Do get Blu-ray discs if you can play them - the gain in quality is often immense. My own favourite - although the score is reduced in length to suit a feature film - is the spectacular-looking Francesca Hayward / William Bracewell disc, although I have very soft spots for Misty Copeland / Roberto Bolle and Maria Kochetkova / Davit Karapetyan too.


----------



## amfortas

jegreenwood said:


> The Nureyev/Fonteyn version is from the 60's and is in black and white, but it is famous.


I'm gonna say color.



MAS said:


>


And yes, sometimes gods walk the earth.


----------



## jegreenwood

amfortas said:


> I'm gonna say color.
> 
> And yes, sometimes gods walk the earth.

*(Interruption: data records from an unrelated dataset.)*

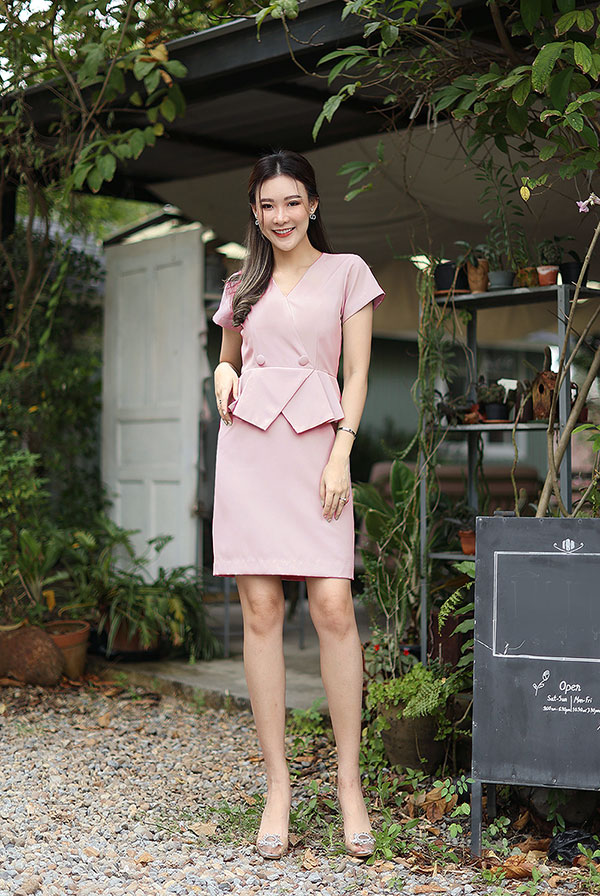 ชุดสีพื้นเรียบหรู คอป้าย ระบายซ้อนสวยๆที่รอบเอว แต่งกระดุมปั้มที่ตัวเสื้อ ทรงกระโปรงสอบ ผ้าเปเป้ มีซับในซิปซ่อนหลัง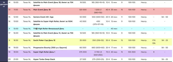 Обратите внимание на крайнюю правую колонку в таблице расписания. В ней указано, в каких турнирах со старта можно взять добавку к стеку "за чай": за 25-75 у.е. чаевых персоналу во многих турнирах можно получить дополнительные 5,000 фишек к стеку.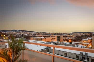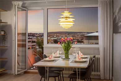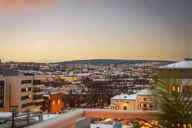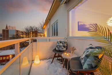 Lys og lekker 3-roms med balkong og flott utsikt - Fyring & v.v inkl. - Peis - HTH kjøkken - Vinduer fra 2021 - Sentralt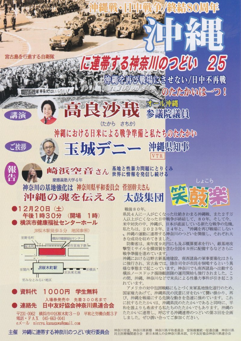 20250316 神奈川県連主催の日中友好音楽のつどい、開場13時、桜木町駅前横浜健康福祉センター

Oops. Memory reboot needed.


----------



## 89Koechel

jegreenwood - You mentioned Nureyev (and Ms. Fonteyn, of course) in R & J - thanks, and it must be a GREAT collaboration. Just wondered - have you ever seen a video of Nureyev, in Stravinsky's "Petrouchka", from the 1970s? It has Nureyev (as Petrouchka, of course), Noella Pontois, and the remarkable - Charles Jude - as the Moor ... and the conducting/pacing of Manuel Rosenthal is VERY-fine. THIS ballet, of the modern types, is one that lends-itself, so to speak, to a great performance, in the right ... FEET ... if not hands - eh?


----------



## jegreenwood

89Koechel said:


> jegreenwood - You mentioned Nureyev (and Ms. Fonteyn, of course) in R & J - thanks, and it must be a GREAT collaboration. Just wondered - have you ever seen a video of Nureyev, in Stravinsky's "Petrouchka", from the 1970s? It has Nureyev (as Petrouchka, of course), Noella Pontois, and the remarkable - Charles Jude - as the Moor ... and the conducting/pacing of Manuel Rosenthal is VERY-fine. THIS ballet, of the modern types, is one that lends-itself, so to speak, to a great performance, in the right ... FEET ... if not hands - eh?


I had not seen that. There appears to be a version on YouTube. I did see Nureyev live in 1976 with the National Ballet of Canada. Unfortunately, I was not a ballet fan back then, so I barely remember it.


----------